Madison brought the Meatmobile over, and the Last Ball Gunner engaged the clusterfuck of APCs with his twin fifties. A rolling wave of dust puffs turned to sparks as it overtook the APCs, blowing tires and punching holes and knocking people to pieces. The technical was obliterated and the flak stopped.
But the damage was done. The Meatmobile was leaking every kind of fluid, some of them from what was left of Lionel, looking strangely serene and not at all surprised. Madison fought the increasingly stiff controls as the horizon tipped and dipped and she realized she had never crash-landed a plane before—but by God, she was a fucking Meat Maiden, and she wasn’t going to be the one that lost the Meatmobile. She worked on instinct, followed the machine’s lead, and lined up with the freeway just in time for the weirdly quiet glide before all hell broke loose. Metal shrieked and she cracked her teeth and felt her kidneys in her hips. Her spine did a weird thing she never wanted to feel again. The Meatmobile ablated around her, shedding belly skin and sparking superstructure as she slid. When she finally lurched to a stop, twisted head-down, Madison struggled out of her crash harness and crumpled into the asphalt. She staggered from the smoking wreckage, her jumpsuit blackened and torn, face and hair streaked with blood, some of it hers.
The surviving cops were there, a startled arc of automatic rifles. Nobody said a fucking thing.
The unspoken question: Why didn’t they just shoot her? Well, she was a white lady, and a Meat Maiden, to boot. Trigger fingers were stayed by lifetimes of operant conditioning.
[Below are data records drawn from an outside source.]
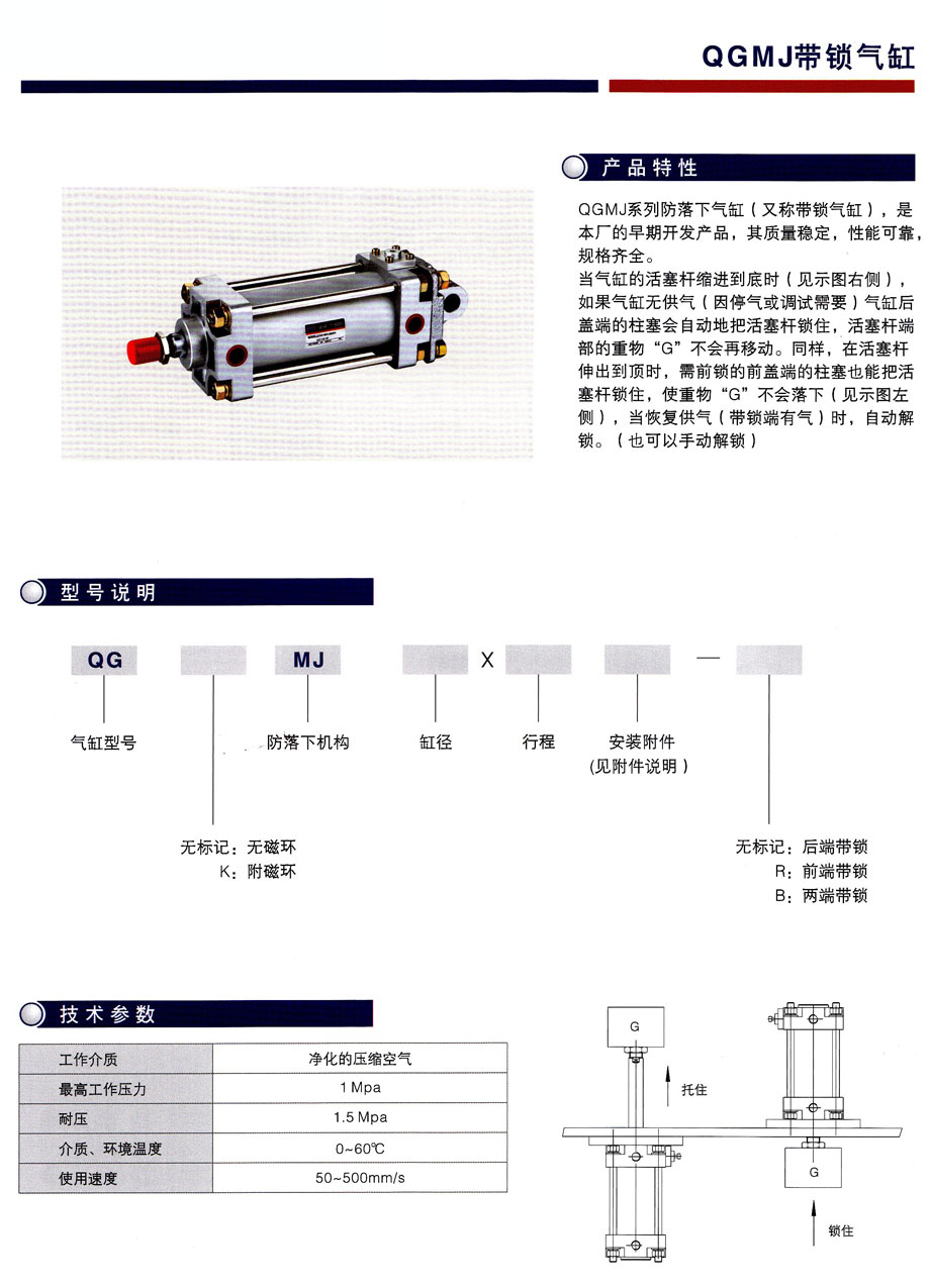 備注: QGMJ系列防落下氣缸(又稱帶鎖氣缸),是本廠的早起開發(fā)產(chǎn)品,其質(zhì)量穩(wěn)定,性能可靠,規(guī)格齊全。? 當氣缸的活塞桿縮進到底時(見示圖右側(cè)),如果氣缸無供氣(,QGMJ帶鎖氣缸,MOHE CYLINDER,MOHE氣缸
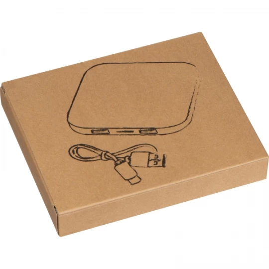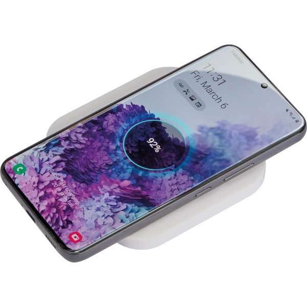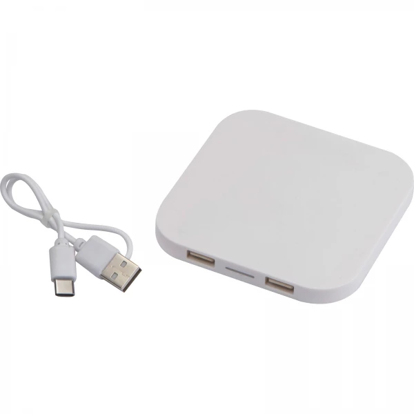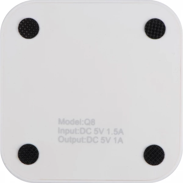 Ładowarka indukcyjna, kompatybilna z telefonami wyposażonymi w technologię QI. Posiada 2 wejścia USB, dołączono kabel USB.
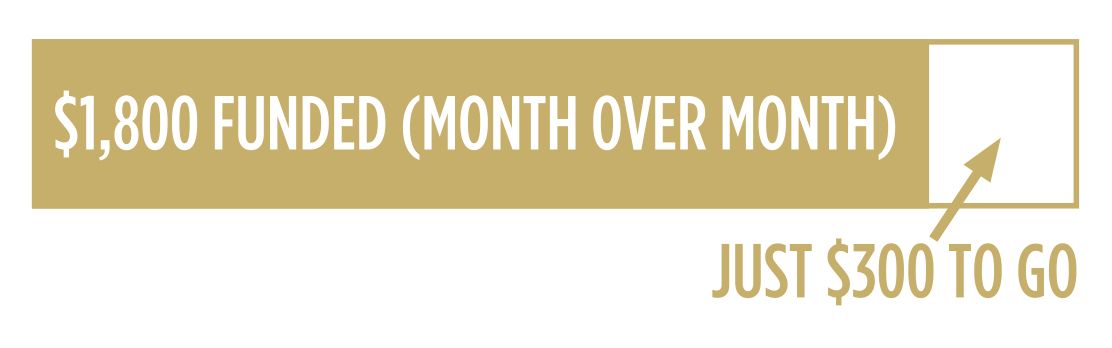 Our ongoing funding sits at about $1,800 CAD a month. To be fully funded we would be closer to $2,100 CAD a month, so we have about a $300 CAD a month shortfall (about $220 USD).
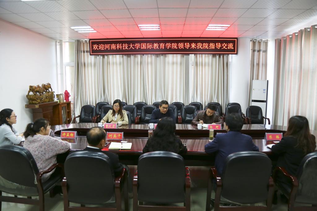 会上,李保红首先欢迎王春一行来公司传经送宝,重点介绍了公司的发展历程、办学成就及日常工作经验和做法,希望双方深入沟通,相互借鉴,共同进步,共谋发展。何英干就项目基本情况、项目申报及员工出国留学工作作了简单介绍。教学部主任郭寻就项目培养方案、教学管理工作等进行了汇报。王春对公司的办学成就表示赞赏,并简要介绍了河南科技大学2026年国际足联世界杯的发展历程和发展成就。双方围绕中外合作办学项目中的小语种外语教学、出国留学、教务管理、员工管理等问题进行了深入交流。
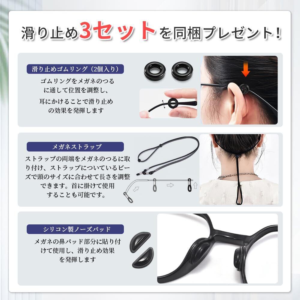 ブルーライトカット機能を搭載:レンズにはブルーライトカット機能が搭載されています。スマートフォンやパソコン、テレビなどから発せられる有害なブルーライトを効果的にカットし、目の疲れを軽減します

It was then that the last of the most important fluid drained from the battered Meatmobile. No, not blood—reactor coolant.
It was a flash you could feel in your fluorescent teeth, one that made flesh transparent and tingled your bones.
“What the fuck was that?!” somebody said.
Madison took a deep breath, exhaled, and reached into her pocket. “You should all hold still and use this chalk,” she said, a good-sized piece of it in her hand.
“Is it—is it magic chalk?”
“No,” she shook her head sadly for so many reasons, “it’s science chalk. Because when this is all over, we’re gonna need to make some kinda sense out of it.”